--- START ---

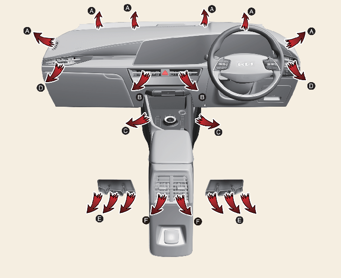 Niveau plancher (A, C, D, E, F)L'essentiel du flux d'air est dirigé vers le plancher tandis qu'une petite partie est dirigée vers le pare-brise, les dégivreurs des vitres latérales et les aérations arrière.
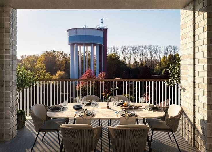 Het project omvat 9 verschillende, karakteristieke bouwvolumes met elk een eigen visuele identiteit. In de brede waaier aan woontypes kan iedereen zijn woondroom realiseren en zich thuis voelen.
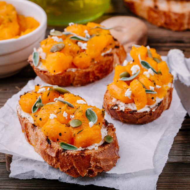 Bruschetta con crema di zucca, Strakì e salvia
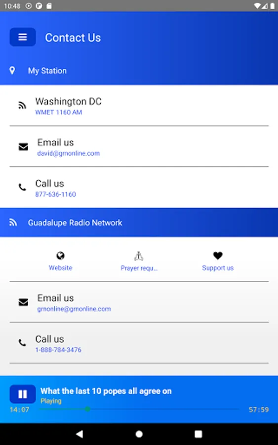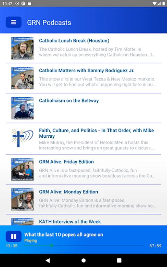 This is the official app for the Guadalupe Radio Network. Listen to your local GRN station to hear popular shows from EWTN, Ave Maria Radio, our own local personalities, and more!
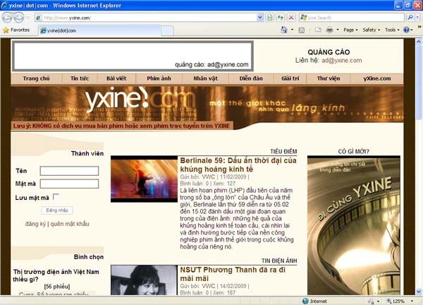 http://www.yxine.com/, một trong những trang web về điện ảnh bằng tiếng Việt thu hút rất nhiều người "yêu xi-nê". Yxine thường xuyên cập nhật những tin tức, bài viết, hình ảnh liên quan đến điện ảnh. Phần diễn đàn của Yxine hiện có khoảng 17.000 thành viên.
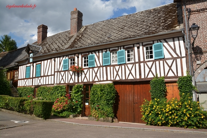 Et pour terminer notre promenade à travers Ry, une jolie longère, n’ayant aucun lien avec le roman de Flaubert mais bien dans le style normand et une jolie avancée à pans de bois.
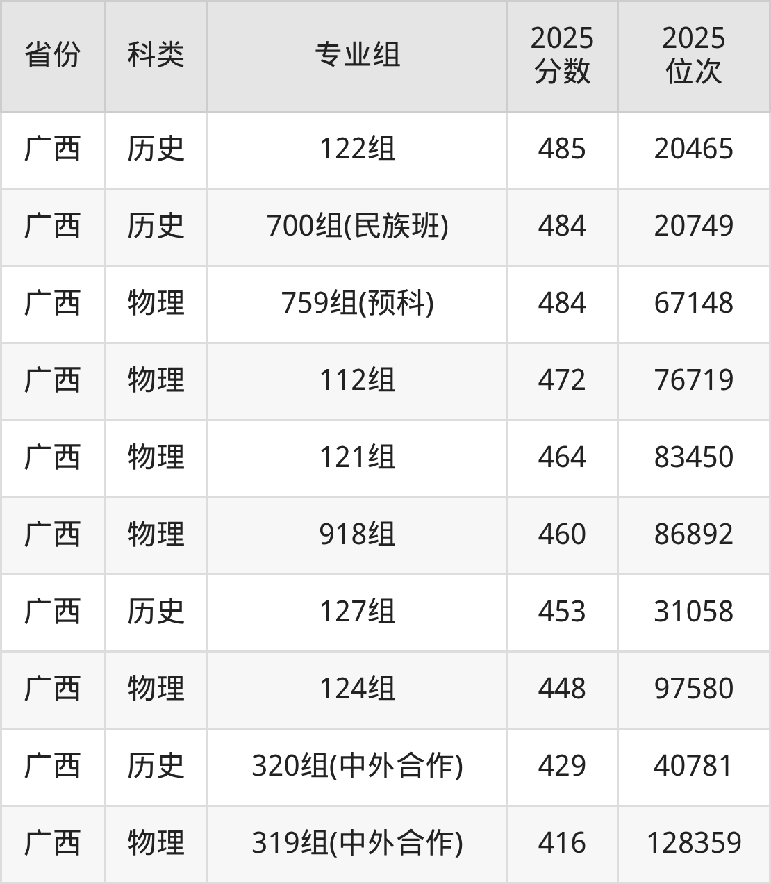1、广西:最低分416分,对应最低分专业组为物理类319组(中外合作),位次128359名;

--- END ---

§ **Exercise goal**: Pictures stay out; reproduce exactly the lines from the one containing "Et pour terminer" through the end of the data.

§ **Output below**:
 Et pour terminer notre promenade à travers Ry, une jolie longère, n’ayant aucun lien avec le roman de Flaubert mais bien dans le style normand et une jolie avancée à pans de bois.
1、广西:最低分416分,对应最低分专业组为物理类319组(中外合作),位次128359名;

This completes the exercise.